The `COALESCE` function in SQL is used to return the first non-null expression among its arguments. It takes multiple arguments and returns the first non-null value from the provided arguments. If all the arguments are null, it returns null.

The syntax for the `COALESCE` function is as follows:

```sql
COALESCE(value1, value2, ..., valueN)
```

Here, `value1`, `value2`, and so on represent the values that you want to check for null. The function will return the first non-null value from the provided arguments. If all the values are null, it will return null.

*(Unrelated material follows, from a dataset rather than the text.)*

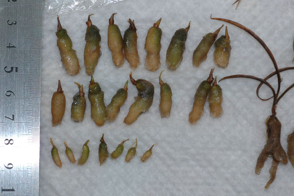 右にかすかに写っているのは枯れた根ですが、極端に太く、枝分かれしているのが分かると思います。普通は根が2本まっすぐに伸びるだけなんですけどね・・・
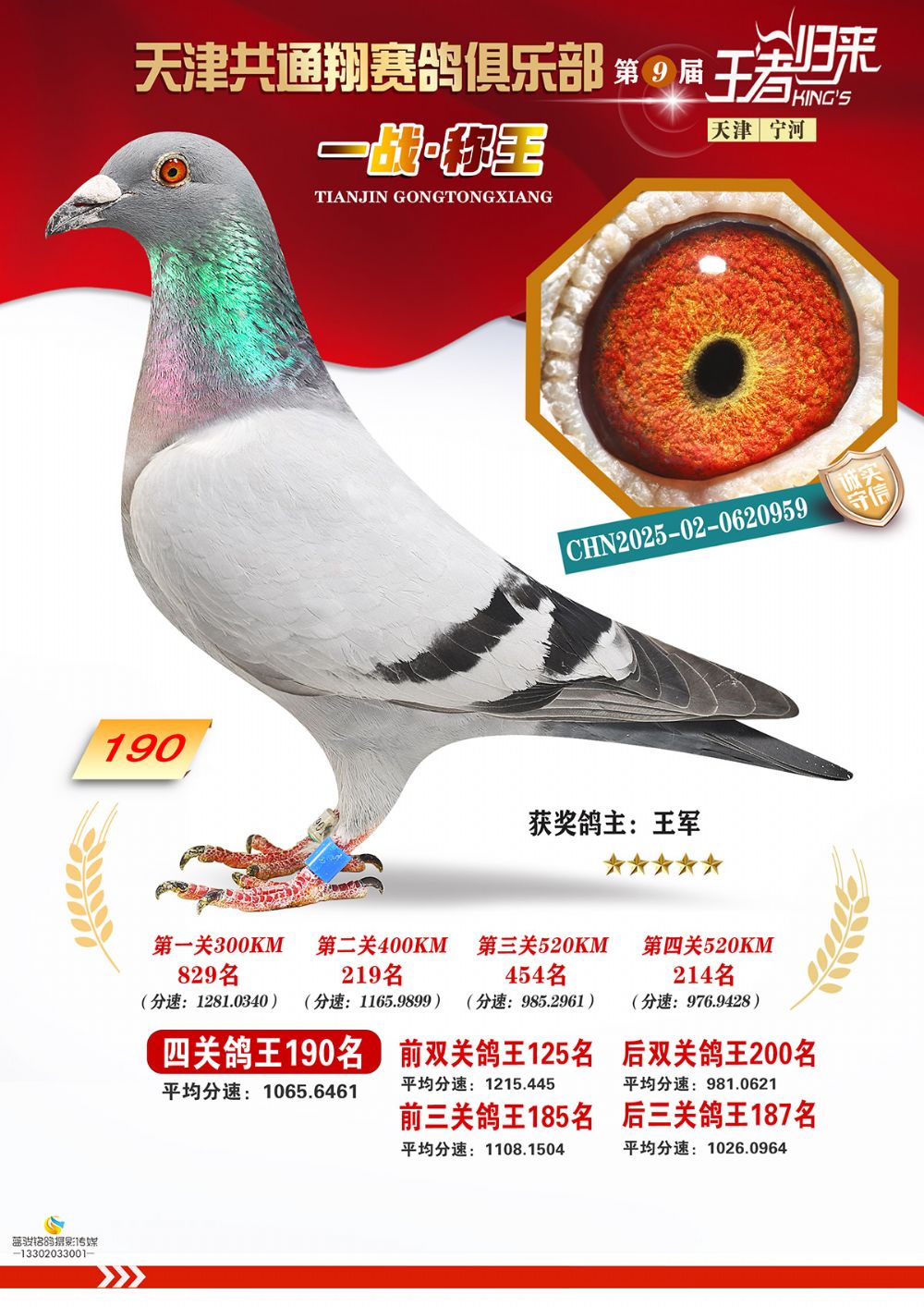 1612229 共通翔四关鸽王195名 ¥300元 1次

In the context of your query, `COALESCE` is used to handle cases where the `market_price` or `sale_price` might be `NULL`. By using `COALESCE` with a default value of 0, you ensure that if any of the values are `NULL`, they are treated as 0 during the summation. This prevents any potential errors that might arise from aggregating functions such as `SUM` when dealing with `NULL` values.